CC BY-NC-ND 4.0 · Endosc Int Open 2024; 12(08): E962-E967
DOI: 10.1055/a-2376-1913
Innovation forum

Direct endoscopic necrosectomy: Pilot study of a new dedicated device

1   Digestive Endoscopy Service, Department of Diagnostic and Therapeutic Services, IRCCS-ISMETT, Palermo, Italy
,
2   Unit of Gastroenterology and Digestive Endoscopy, Morgagni-Pierantoni Hospital, Forli, Italy (Ringgold ID: RIN18568)
3   Unit of Gastroenterology and Digestive Endoscopy, Maurizio Bufalini Hospital, Cesena, Italy (Ringgold ID: RIN161128)
,
Alessandro Fugazza
4   Digestive Endoscopy Unit, Division of Gastroenterology, Humanitas Research Hospital, Rozzano, Italy
,
5   Department of Medicine and Surgery, Università degli Studi di Enna 'Kore', Enna, Italy (Ringgold ID: RIN217140)
6   Gastroenterology Unit, Umberto I Hospital, Enna, Italy (Ringgold ID: RIN73129)
,
Mario Traina
1   Digestive Endoscopy Service, Department of Diagnostic and Therapeutic Services, IRCCS-ISMETT, Palermo, Italy
,
7   Gastroenterology and Digestive Endoscopy Unit, Viale Camillo Golgi, 19, Fondazione I.R.C.C.S. Policlinico San Matteo, Pavia (PV) 27100, Italy
,
Carlo Fabbri
8   Digestive Endoscopy and Gastroenterology Unit, Forlì-Cesena Hospitals, Azienda Unita Sanitaria Locale della Romagna, Forlì-Cesena, Italy (Ringgold ID: RIN390233)
,
Ilaria Tarantino
1   Digestive Endoscopy Service, Department of Diagnostic and Therapeutic Services, IRCCS-ISMETT, Palermo, Italy
› Author Affiliations
Supported by: Italian Health Ministry ricerca corrente 2024

Abstract

Background and study aims Direct endoscopic necrosectomy (DEN) represents the first-line treatment for walled-off necrosis (WON). However, DEN has a non-negligible rate of overall adverse events (AE) and is time-consuming due to the lack of dedicated devices. This pilot study was designed to evaluate the feasibility and safety of a novel dedicated device for DEN named Necrolit.

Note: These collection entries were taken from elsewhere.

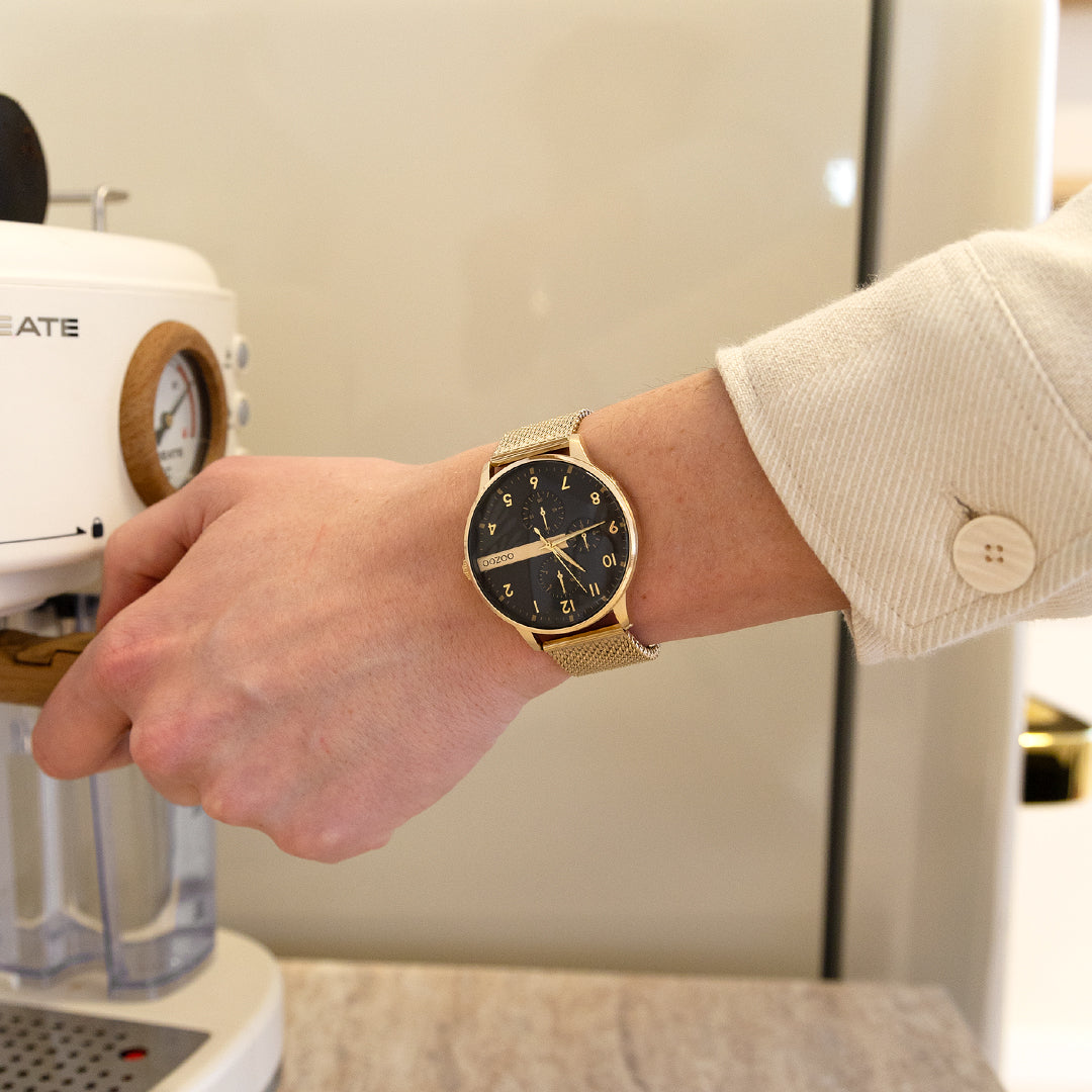 Gold coloured OOZOO watch with metal mesh bracelet - C11302
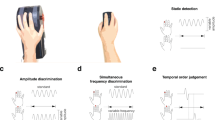To compare the sensitivity to force differences in light touch between the ASD and TD groups, a two-sample t-test was conducted on the slope (derivative). The analysis revealed there was no significant difference between the ASD and TD groups (t(40) = 1.281, p = 0.208, Cohen’s d = 0.40; Supplementary Fig. S1). To investigate the group difference in each stimulus, a mixed measures ANOVA was conducted on the percentage of strong responses using force of the stimulus (0.4 g, 0.6 g, 1.0 g, 2.0 g, 4.0 g, 6.0 g) as a within-participant factor and group (ASD versus TD) as a between-participant factor. There was a significant main effect of force of the stimulus (F(5, 200) = 670.773, p < 0.001, partial η 2 = 0.944). A post-hoc multiple comparison with Bonferroni correction revealed that all stimulus pairs except one were significantly different (all p-values < 0.001, except a pair between 4.0 g and 6.0 g, p = 0.107). There was neither a significant main effect of group (F(1, 40) = 0.347, p = 0.559, partial η 2 = 0.009), nor a significant interaction between stimulus and group (F(5, 200) = 0.881, p = 0.495, partial η 2 = 0.022; Supplementary Fig. S2).
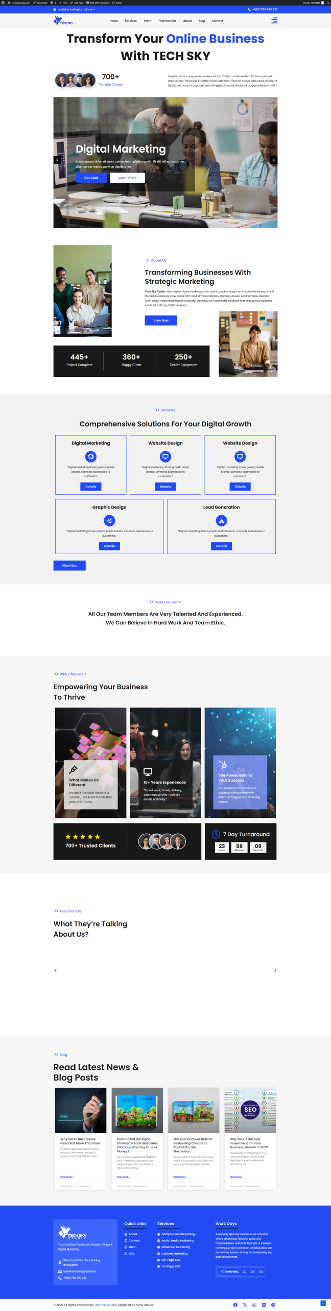 Tech Sky Studio offers expert digital marketing and creative graphic design services to elevate your brand. We help businesses grow online with result-driven strategies, stunning visuals, and innovative designs. From social media marketing to impactful branding, our team crafts solutions that engage your audience and build a strong digital presence.
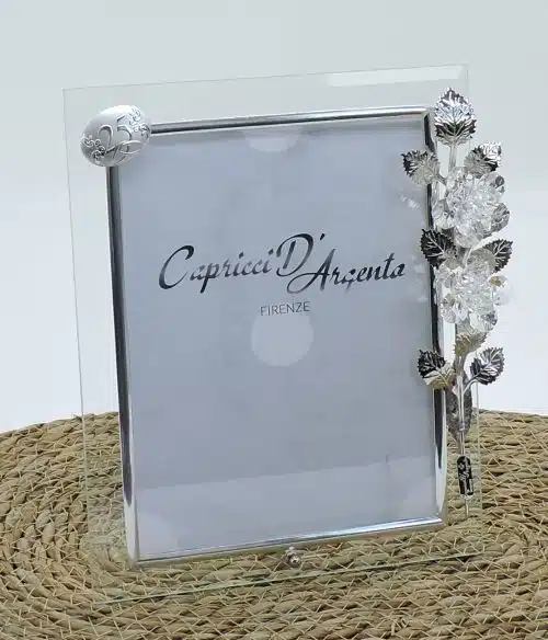 Cornice portafoto nozze d’argento, in argento e con rosa rossa, 15×20
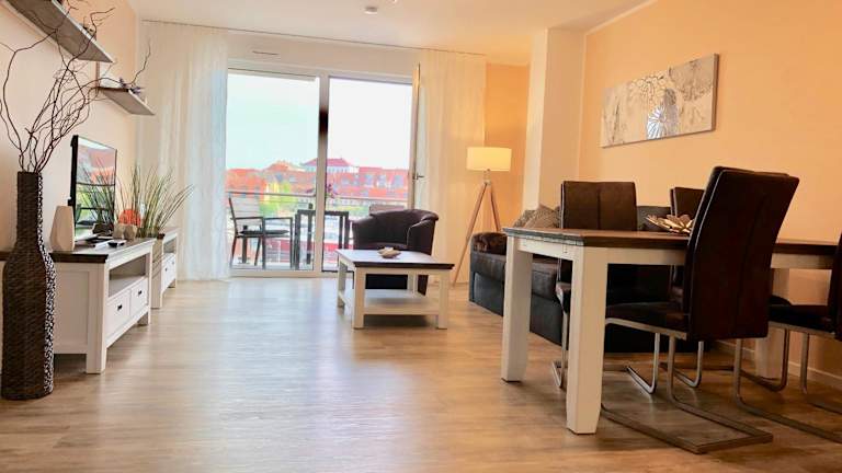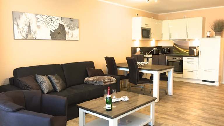 Die Ferienwohnung beinhaltet ein Schlafzimmer, ein Wohnzimmer, einen Balkon mit Stadtblick sowie ein Badezimmer mit Dusche. Zu den Annehmlichkeiten gehören ein Flachbild-TV, eine gut eingerichtete Küche mit Kühlschrank und Geschirrspüler. Handtücher und Bettwäsche können gegen Aufpreis bereitgestellt werden.

Patients and methods In this multicenter retrospective analysis,16 patients with WON who underwent DEN using Necrolit were compared with a control group treated with non-dedicated devices. Technical success, AEs, clinical success, number of procedures per patient, procedure time, and length of hospital stay were evaluated. Necrolit technical performance indicators were also studied.

Results Technical success was obtained in all patients in both groups. In the Necrolit group, the overall AE rate was 10.1% vs. 15.9% in the control group. Clinical success was 100% in the Necrolit group vs. 81.3% in the control group. Patients treated with Necrolit underwent a slightly lower mean number of procedures (4.1 ± 2.3 vs. 5.1 ± 1.9) with comparable mean procedure time (67.8 ± 39 minutes vs. 70.1 ± 32.6 minutes). Mean duration of hospital stay was 39.4 days (± 30.9) in the Necrolit group vs. 43 days (± 29.4) in the control group. Device-related technical performance was rated positively.

Conclusions DEN with Necrolit appears feasible and safe.



Publication History

Received: 31 January 2024

Accepted after revision: 15 May 2024

Article published online:
23 August 2024

© 2024. The Author(s). This is an open access article published by Thieme under the terms of the Creative Commons Attribution-NonDerivative-NonCommercial-License, permitting copying and reproduction so long as the original work is given appropriate credit. Contents may not be used for commercial purposes, or adapted, remixed, transformed or built upon. (https://creativecommons.org/licenses/by-nc-nd/4.0/).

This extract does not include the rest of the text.